Wednesday whimsies

Yesterday evening Professor Toshiko Takenaka gave the PatLit seminar, "Patent litigation in the US and Japan: what's the difference?" A brief report and link to her PowerPoint presentation can be found here.


Just before he chaired Professor Takenaka's talk (above), IPKat team member Jeremy was giving a presentation, "From Pirate Bay to Pirate Party", at Informa IBC's International Copyright Law 2009 Conference. You can see his comments in brief and view his PowerPoints here.

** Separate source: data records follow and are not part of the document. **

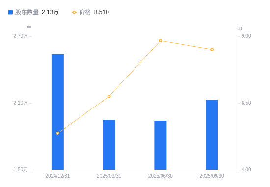 近一年(2024年9月30日至2025年9月30日),吉峰科技A股股东户数从2.67万户,减低至2.13万户,降幅20.10%,区间股价上涨109.61%。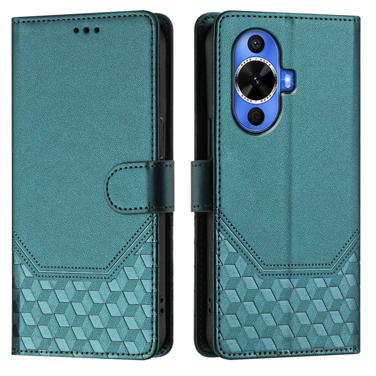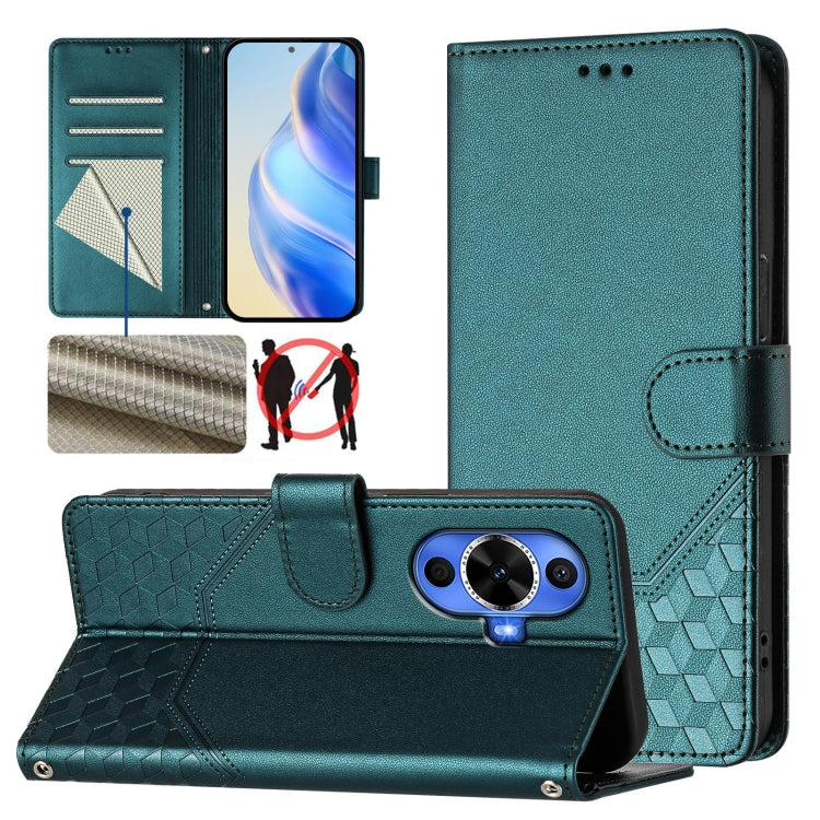 Funda de Cuero Rfid con Relieve en Panal para Huawei Nova 12S 4G (Verde Pavo Real)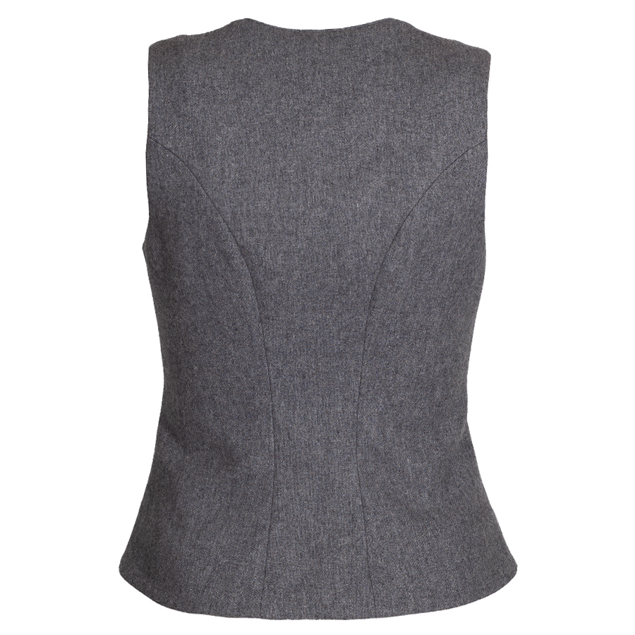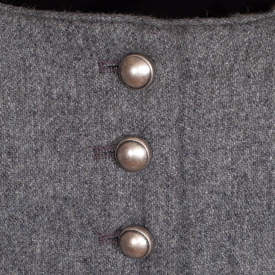 Schlichtes, hellgraues Lodenmieder der Firma Berwin & Wolff. Der Spenzer ist tailliert geschnitten und wird mit eher schlichten Kugelknöpfen geschlossen.

The Swiss have either, depending on your opinion, struck a brave blow on behalf of common sense or scored a monumental own-goal in terms of their credibility as a trade mark-protecting jurisdiction. What have they done? They've ruled that iPhone [not to be confused with the eye-phone, right] is a descriptive term and therefore unregistrable in respect of, er, iPhones ...

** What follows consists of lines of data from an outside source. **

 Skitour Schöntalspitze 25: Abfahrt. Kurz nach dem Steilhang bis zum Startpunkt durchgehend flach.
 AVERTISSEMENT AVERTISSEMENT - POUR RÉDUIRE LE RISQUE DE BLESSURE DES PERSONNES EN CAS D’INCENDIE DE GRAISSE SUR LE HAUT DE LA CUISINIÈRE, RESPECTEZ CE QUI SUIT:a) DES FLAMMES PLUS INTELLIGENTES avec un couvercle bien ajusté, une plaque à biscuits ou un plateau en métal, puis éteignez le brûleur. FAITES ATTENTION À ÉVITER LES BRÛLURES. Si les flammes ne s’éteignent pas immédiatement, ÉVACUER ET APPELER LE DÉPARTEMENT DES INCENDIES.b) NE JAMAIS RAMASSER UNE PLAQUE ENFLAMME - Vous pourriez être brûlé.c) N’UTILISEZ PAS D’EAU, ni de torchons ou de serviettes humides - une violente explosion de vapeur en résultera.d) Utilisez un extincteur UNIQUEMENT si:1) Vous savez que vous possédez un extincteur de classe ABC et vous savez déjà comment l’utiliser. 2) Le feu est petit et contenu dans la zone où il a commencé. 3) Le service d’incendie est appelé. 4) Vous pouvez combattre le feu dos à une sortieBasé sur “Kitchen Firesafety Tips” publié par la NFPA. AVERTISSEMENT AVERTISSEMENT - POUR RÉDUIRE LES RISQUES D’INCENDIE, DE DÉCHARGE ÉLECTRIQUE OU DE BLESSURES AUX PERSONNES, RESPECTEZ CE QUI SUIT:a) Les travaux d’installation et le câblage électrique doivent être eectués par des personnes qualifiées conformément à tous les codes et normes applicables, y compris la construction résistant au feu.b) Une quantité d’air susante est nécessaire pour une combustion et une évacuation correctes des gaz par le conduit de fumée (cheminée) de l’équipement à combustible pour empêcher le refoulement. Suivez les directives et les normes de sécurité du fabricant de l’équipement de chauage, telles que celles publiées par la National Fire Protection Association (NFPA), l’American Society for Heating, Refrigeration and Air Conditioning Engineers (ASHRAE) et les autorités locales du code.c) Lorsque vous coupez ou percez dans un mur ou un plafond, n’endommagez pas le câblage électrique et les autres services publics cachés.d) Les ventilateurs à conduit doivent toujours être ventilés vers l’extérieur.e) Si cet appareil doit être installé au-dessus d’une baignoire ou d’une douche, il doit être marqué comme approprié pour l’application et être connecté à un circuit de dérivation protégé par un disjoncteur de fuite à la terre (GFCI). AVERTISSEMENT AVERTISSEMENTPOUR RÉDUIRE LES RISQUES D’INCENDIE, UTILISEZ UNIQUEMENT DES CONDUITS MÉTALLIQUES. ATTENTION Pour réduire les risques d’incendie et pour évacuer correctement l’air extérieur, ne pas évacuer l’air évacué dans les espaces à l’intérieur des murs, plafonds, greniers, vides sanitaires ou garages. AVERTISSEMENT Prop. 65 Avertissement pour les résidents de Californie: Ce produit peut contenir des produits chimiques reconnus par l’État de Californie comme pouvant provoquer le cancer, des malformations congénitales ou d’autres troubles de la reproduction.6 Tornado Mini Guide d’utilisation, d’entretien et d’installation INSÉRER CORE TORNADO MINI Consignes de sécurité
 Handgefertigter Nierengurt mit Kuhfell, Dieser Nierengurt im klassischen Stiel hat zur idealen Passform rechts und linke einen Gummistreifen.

On the subject of eyes, the World Intellectual Property Organization can take some credit for hosting a meeting on Monday with various United Nations specialized agencies on the need for closer inter-agency collaboration in favour of visually impaired persons (VIPs): an agreed VIP Initiative will aim "to facilitate and enhance access to literary, artistic and scientific works for the blind, visually impaired and other reading-disable persons ..." [The IPKat is struggling to suppress the desire to express the hope that this will be of some benefit to the judges in the annual Turner Prize competition].

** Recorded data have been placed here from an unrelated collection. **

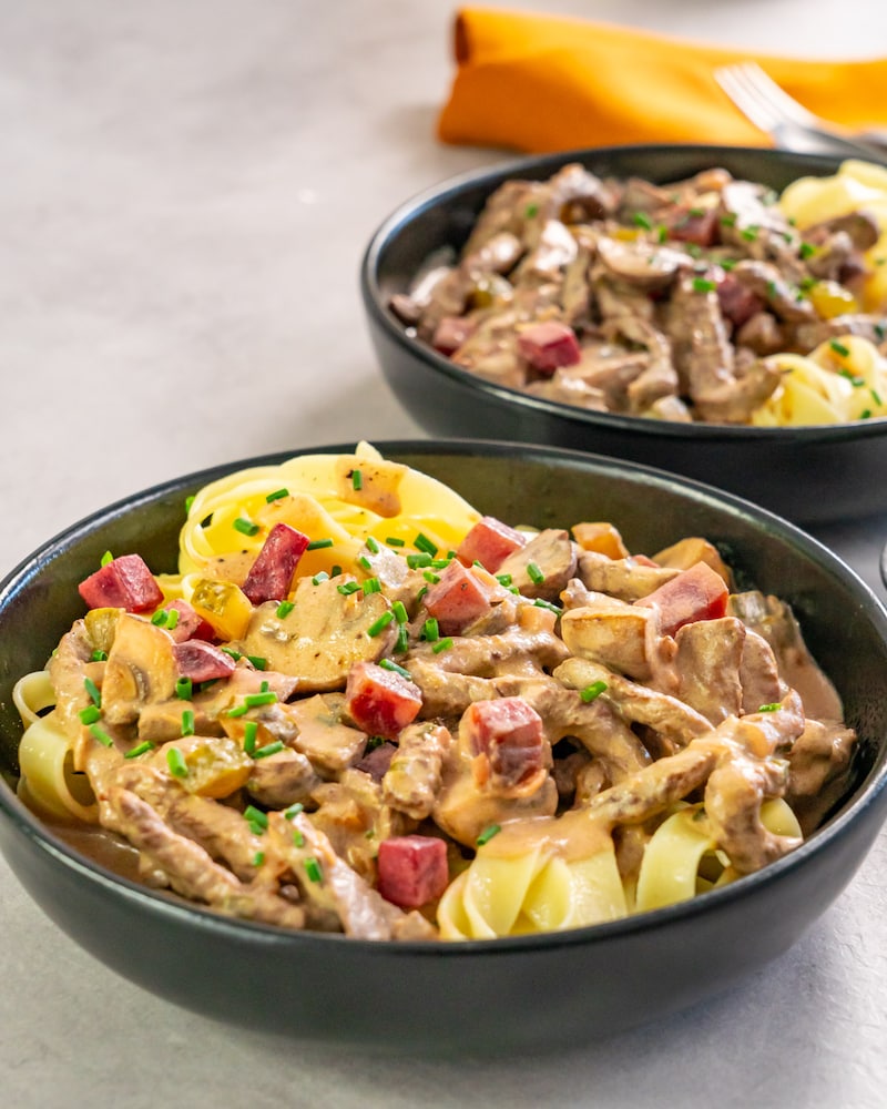 Nudeln auf Tellern verteilen und das Rindergeschnetzelte Stroganoff darauf oder daneben anrichten.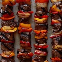 Thread beef onto metal skewers, alternating with the onion and colorful bell peppers. Discard the marinade.
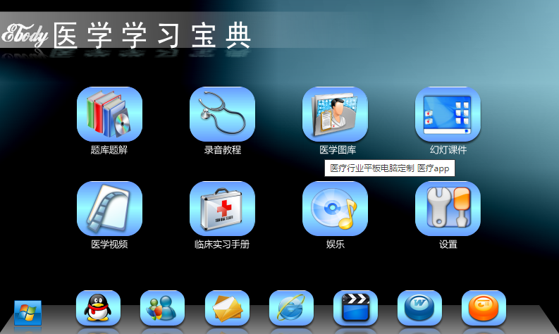 醫學學習機,醫學智能學習機,醫學智能寶典,醫學智能學習寶典,簡稱Ebody,一款專為醫學專業學生量身打造的掌上學習機,它集醫學學習(基礎教程、臨床教程、臨床技能、模擬考試、系統疾病解析、臨床實習手冊)和娛樂功能為一體,是醫學學生勝利通過執業醫師考試和提高醫學技能的必備寶典。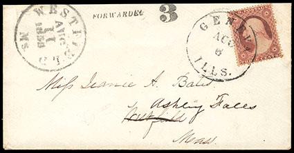 "Forwarded 3" of Westfield, Ms. Small straight line handstamp and rate handstamp on cover forwarded to Ashley Falls, Mass., matching "Westfield, Ms., Aug 11, 1858" forwarding cds, franked with 1857, 3¢ dull red (26) tied by "Geneva, Ills., Aug 6" cds; cover with partial backflap and slightly reduced at top, F.-V.F. Estimate; $150 - 200. US$150-200 (Image)

The topics of privilege, practising certificates and regulation of solicitors in the UK are raised by seasoned IP practitioner Filemot, writing on the SOLO IP Blog. She says: "If you are happy that communications between you and your client can be disclosed in any subsequent litigation, then it does not matter. However if your practice is likely to involve giving frank advice as to infringment risks and freedom to operate you might want to keep your privilege".